#### What is being asked
Start at the top of the records and, please, print each line exactly through the line that contains "in oro giallo", leaving out all pictures.

#### Records supplied
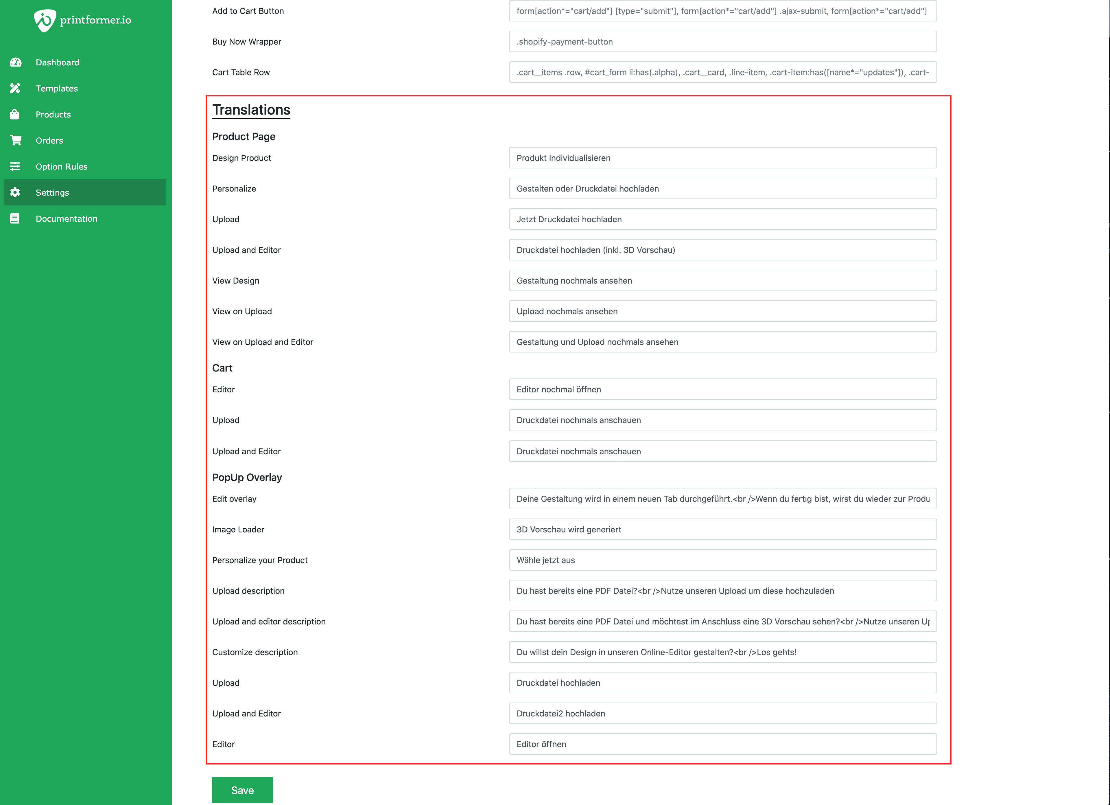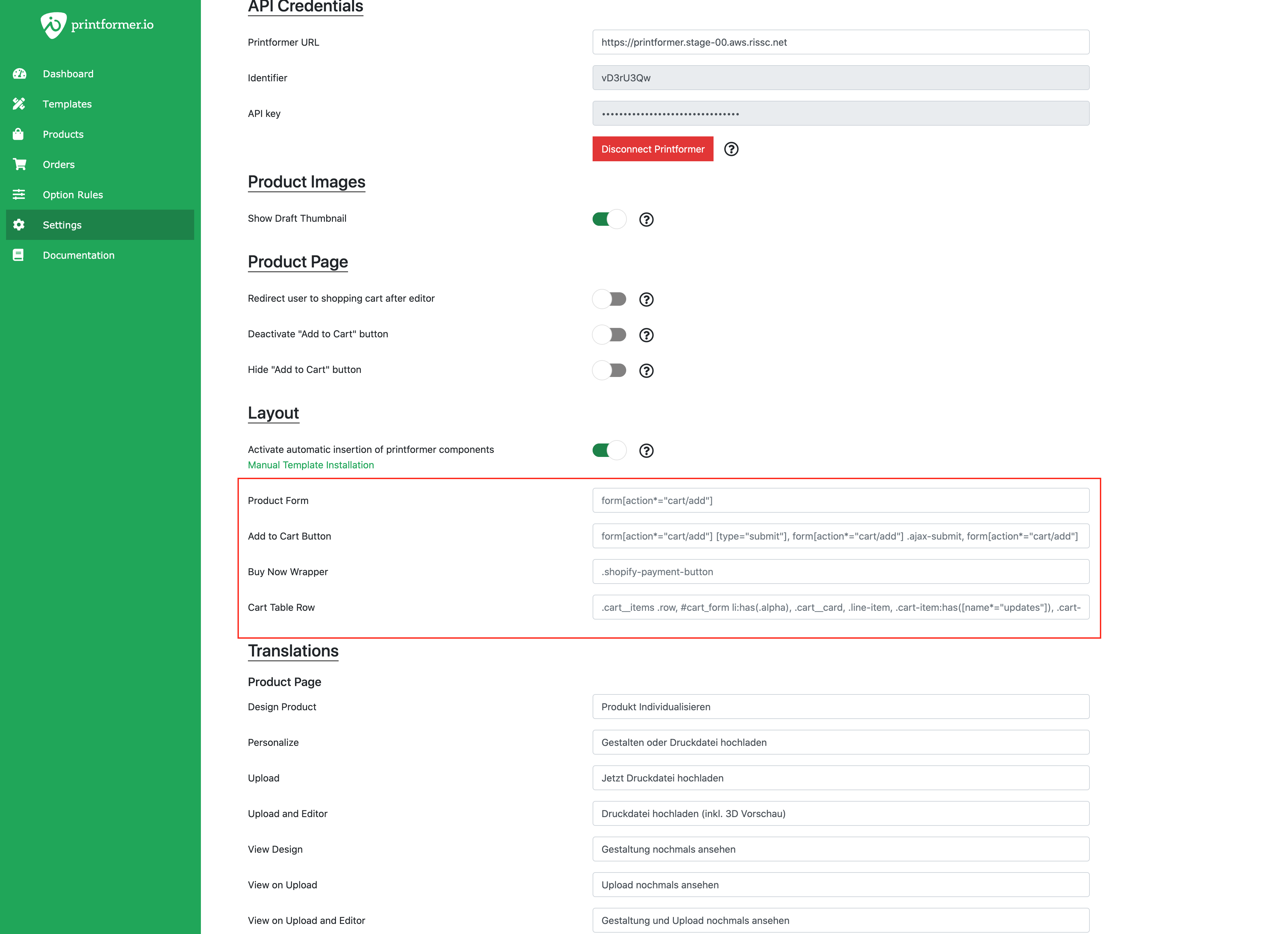 Possibility to deactivate automatic insertion of printformer components in your shopify shop, if you use not supported designs. Please follow the following instructions here
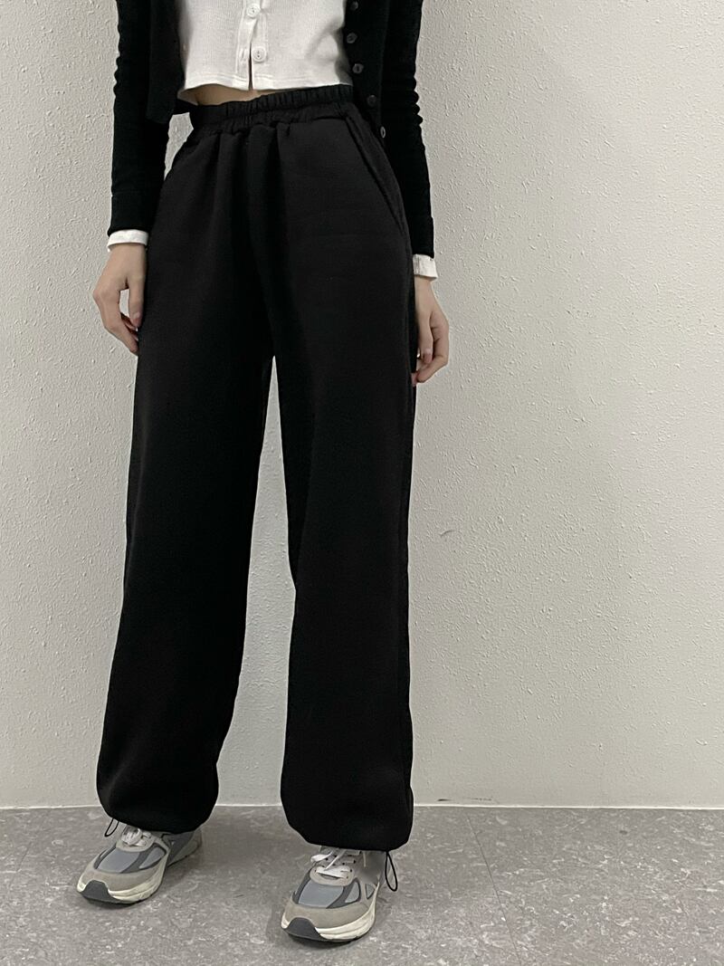 パンツ ハイウェスト薄手スプリングルーズグレーギャザー 春物 ブラックストロベリース71573601607
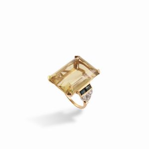 in oro giallo e platino con quarzo citrino centrale, zaffiri e brillanti ad ornamento, gr. 19,5. Misura 22 Anni [..]
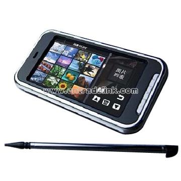 1.3.0inch 260K TFT LCD screen (16: 9), 400*240 pixel, WQVGA displaying; 2. Touch screen navigation 3. Multi formats support: DiVx/RM/RMVB/AVI/MP3/WMA/WAV etc.; 4. Voice digital recording from Mic. Or FM radio; 5. Build-in FM radio; 6. Build-in Stereo loudspeakers; 7. Multi-languages Selection; 8. Supporting pictures screen saver; 9. Electronic album and picture browser; 10. Built-in rechargeable Lithium battery; 12. Telephone book & Electronic book function; 13. Support TF Card, Max. To 4GB; 14. Size: 90mm(L)*55mm(W)*14mm(H); 15. Weight: 70g; 16. USB2.0; 17. Record sample rate: 8KHz; 18. Recording format: WAV(32Kbps), ACT(8Kbps); 19. Recording time: 72 hours (ACT, 256M Memory); 20. SNR: 90dB; 21. Output Frequency Range: 20Hz-20KHz; 22. Operation System: Windows 2K/XP/Vista, Mac OS 10, Linux 2.4.2 and above.
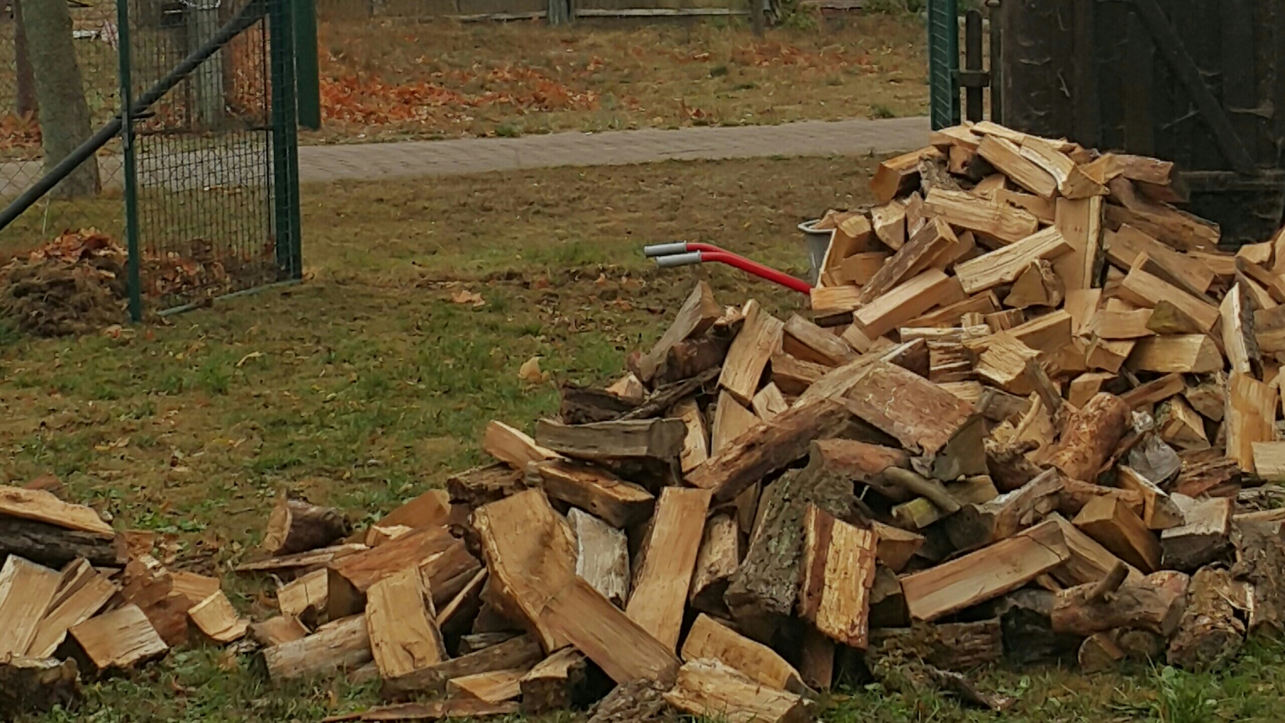 Der Rest im Bild ist inzwischen auch gestapelt :-) Alles ordentlich getrennt in Laub- und Nadelholz.
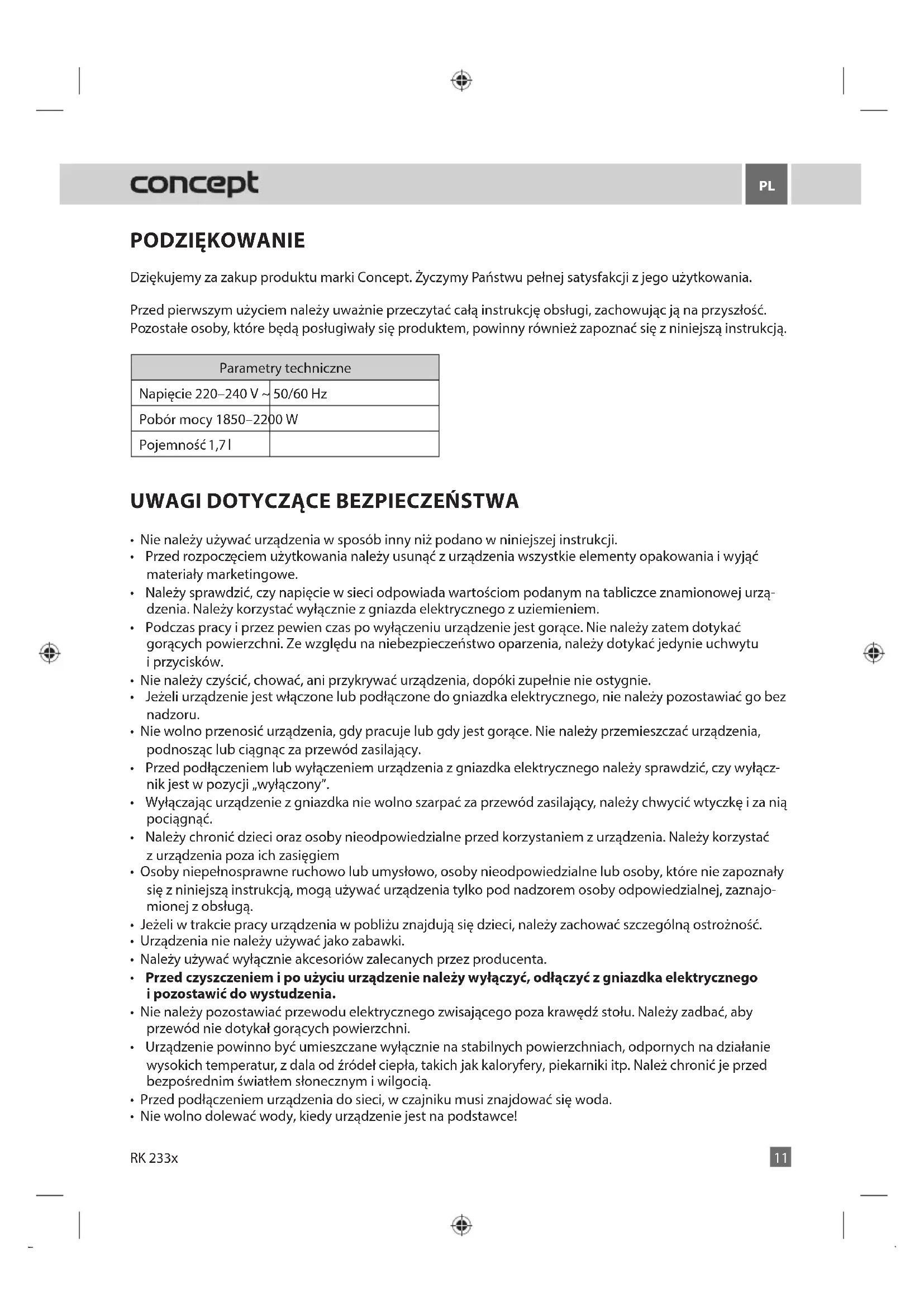 PODZIĘKOWANIE Dziękujemy za zakup produktu marki Concept. Życzymy Państwu pełnej satysfakcji z jego użytkowania. Przed pierwszym użyciem należy uważnie przeczytać całą instrukcję obsługi, zachowując ją na przyszłość. Pozostałe osoby, które będą posługiwały się produktem, powinny również zapoznać się z niniejszą instrukcją. Parametry techniczne Napięcie 220–240 V ~ 50/60 Hz Pobór mocy 1850–2200 W Pojemność 1,7 l

#### Answer to this task
 Possibility to deactivate automatic insertion of printformer components in your shopify shop, if you use not supported designs. Please follow the following instructions here
 パンツ ハイウェスト薄手スプリングルーズグレーギャザー 春物 ブラックストロベリース71573601607
 in oro giallo e platino con quarzo citrino centrale, zaffiri e brillanti ad ornamento, gr. 19,5. Misura 22 Anni [..]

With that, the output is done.